When other coaches figured out what Halas had done, they demanded their own eye in the sky at Wrigley. Halas bitched—it’s not an advantage if everyone’s got it—but complied. He then positioned the Bears marching band behind the visitors’ bench. Every time a visiting coach picked up the phone, the band launched into the fight song—just one tactic in Halas’s war of discomfort and deprivation. “Teams visiting Wrigley Field constantly complained
about lack of soap, towels, programs,” Halas wrote. “They put it down to my stinginess. But why not deprive visitors, if doing so upsets them? What better location for the band than directly behind George Preston Marshall, tootling in his ears? And if Curly Lambeau had trouble seeing the play from his specially allocated bench in a far corner, so much the better for the Bears.”
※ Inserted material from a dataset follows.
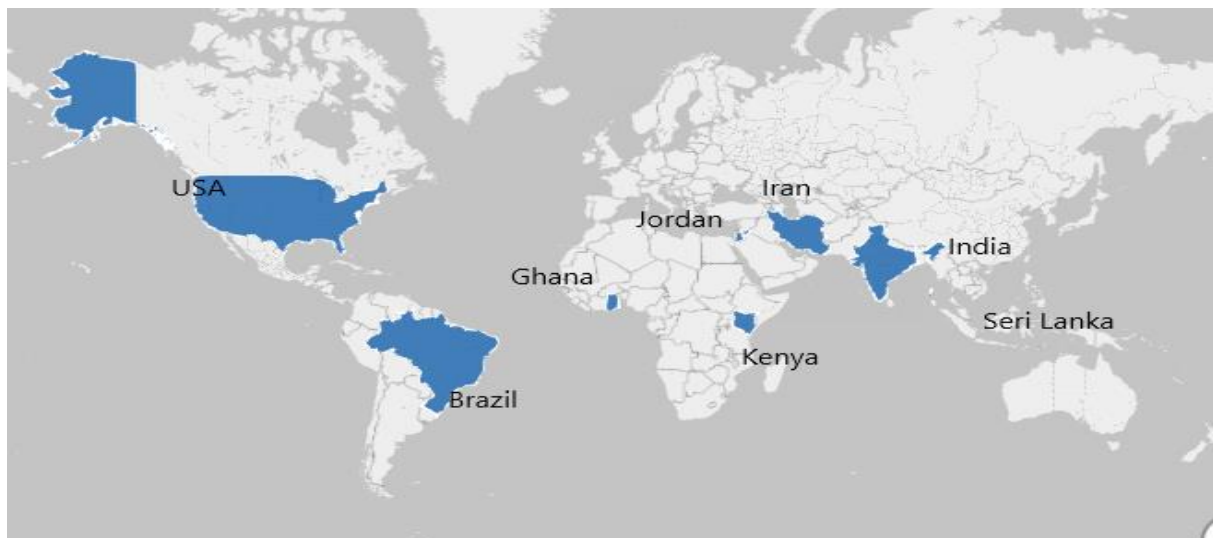
شکل ۲) نقشه پراکندگی مستندات اعتباربخشی بیمارستان‌ها و مراکز مراقبتی نظامی

مطابق با جدول ۱، ۱۶ مطالعه وارد بررسی نهایی شدند که نه مقاله و هفت گزارش و مستند را دربر می‌گرفت. از جمله مراکز مراقبت سلامت نظامی که از اعتباربخشی جهت بهبود وضعیت خود استفاده نموده‌اند مرکز پزشکی ارتش سه‌گانه، بیمارستان یادبود نیروهای دفاعی کنیا و بیمارستان کولومبو سریلانکا بودند. سایر یافته‌های مطالعه حاضر نشان داد که محققین و سیاست‌گذاران بیمارستان‌ها و مؤسسات مراقبت بهداشتی نظامی در اعتباربخشی خود از ابزارها و استانداردهایی نظیر JCAHO، ISO، NCQA، ابزار اعتباربخشی طراحی شده و مدل ملی اعتباربخشی استفاده نموده‌اند که در شکل ۱ نمایش داده شد. کمیته ملی تضمین کیفیت آمریکا (NCQA) کمیته‌ای است که تضمین کیفیت مراقبت‌ها و وظیفه اصلی آن است و اعتباربخشی مراکز مراقبت بهداشتی درمانی نیز جز وظایف آن است.

In the 1930s, NFL offenses still operated in the preindustrial spirit of mob ball. The quarterback might call for the snap, but the action was controlled by a halfback who pitched out as he raced along the line, ran it himself, or tossed downfield. Known as the option or the single wing, this offense was easy to learn but offered a limited number of ways to score. It was often three yards and a cloud of dust. But the league changed the rules in the 1930s to make the game friendlier to the pass—the ball itself was redesigned—and it meant terrific opportunity for the coach who could capitalize.
Halas’s greatest innovation came in the 1930s, with the introduction and refinement of the modern T-formation, bastard sons of which still dominate pro football. In this way, Halas and his assistants invented the look of the modern game.
Invented by Pop Warner in 1907, the single wing dominated early professional football. It usually featured a halfback or fullback who took the snap, then raced across the field, cycling through options: he could run, pass, or pitch out. The formation, with its tailback (TB) and wingback (WB), recalls an earlier era of football.